FERC on Thursday rejected parts of a deal Tri-State Generation and Transmission Association had filed to allow the Colorado-based United Power to terminate its membership with the cooperative (ER23-2822).
The firm had signed up to get at least 95% of its needs met by Tri-State through 2050 under the wholesale electric service contract, and its bylaws provide that members seeking early termination must satisfy all of their contractual obligations to the wholesale co-op. Members have to give two years’ notice and make a contract termination payment before they leave.
FERC rejected an earlier attempt from United to conditionally withdraw in April 2022, and just eight days later, the Colorado co-op submitted a nonconditional two-year notice that it still wished to get out of the contract. (See FERC Rejects Conditional Withdrawals from Tri-State.)
Tri-State and United did not agree on the amount of the exit fee and its true-up, the latter of which is meant to protect both sides from over- and under-payments.

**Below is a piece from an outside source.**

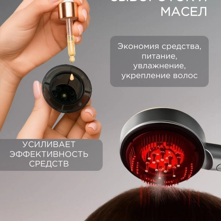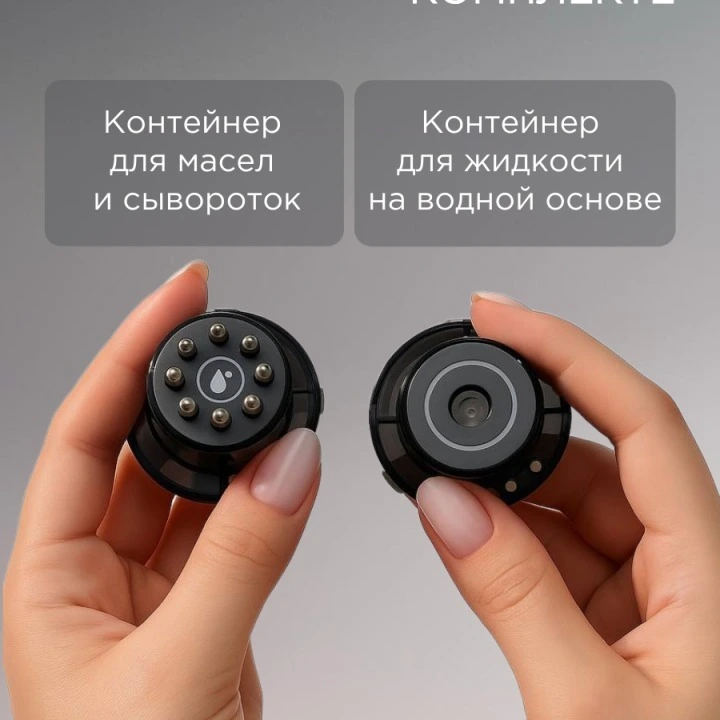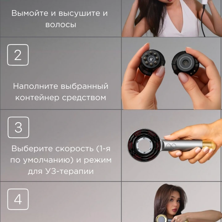 - 2 контейнер для автораспределения средств (масла, густые сыворотки): функция встроенного дозатора позволяет равномерно распределять средства для ухода, обеспечивая глубокое питание и увлажнение волос.

They also disagreed on whether Tri-State getting the payment was a precondition for United to withdraw and whether Tri-State could terminate the withdrawal agreement if United fails to pay on time.
United argued that the fee is excessive and that because it is based on a pending proposal from FERC, true-ups could take years to come back to it as the case works its way through appeals. Even if FERC quickly approves a calculation leading to a lower fee, United claimed it may not get a refund because of risks to Tri-State’s finances.
FERC found that Tri-State had not proven the withdrawal agreement to be fully just and reasonable, basing that on some of the provisions under the deal.
Tri-State did not demonstrate that it is just and reasonable under the Federal Power Act to automatically terminate the withdrawal agreement and rescind United’s notice of withdrawal to the extent the generation and transmission co-op is found to be outside of FERC’s jurisdiction, which was the case before September 2019 — a decision that has been reaffirmed in court.
“We find that Tri-State has not demonstrated that it is just and reasonable under the FPA to automatically terminate the withdrawal agreement and to automatically rescind United Power’s notice of withdrawal based on a change in jurisdictional status,” FERC said. “We further find that Tri-State has not supported the provision stating that the parties ‘mutually agree’ to rescind the withdrawal notice given that United Power has not agreed to this provision.”
FERC agreed that the deal could be terminated for failure to pay, but it rejected language that would have denied United any chance to fix any late or deficient payment.
The commission agreed that United will have to pay the exit fee that is effective on April 24, 2024, when it is set to withdraw from Tri-State, which currently would be nearly $1.6 billion.
However, the withdrawal penalty calculation method could be changed by FERC in that pending case before that date. The deal also gives 90 days after April 24 for a FERC order on the new method, which would lead to a true-up to the new fee.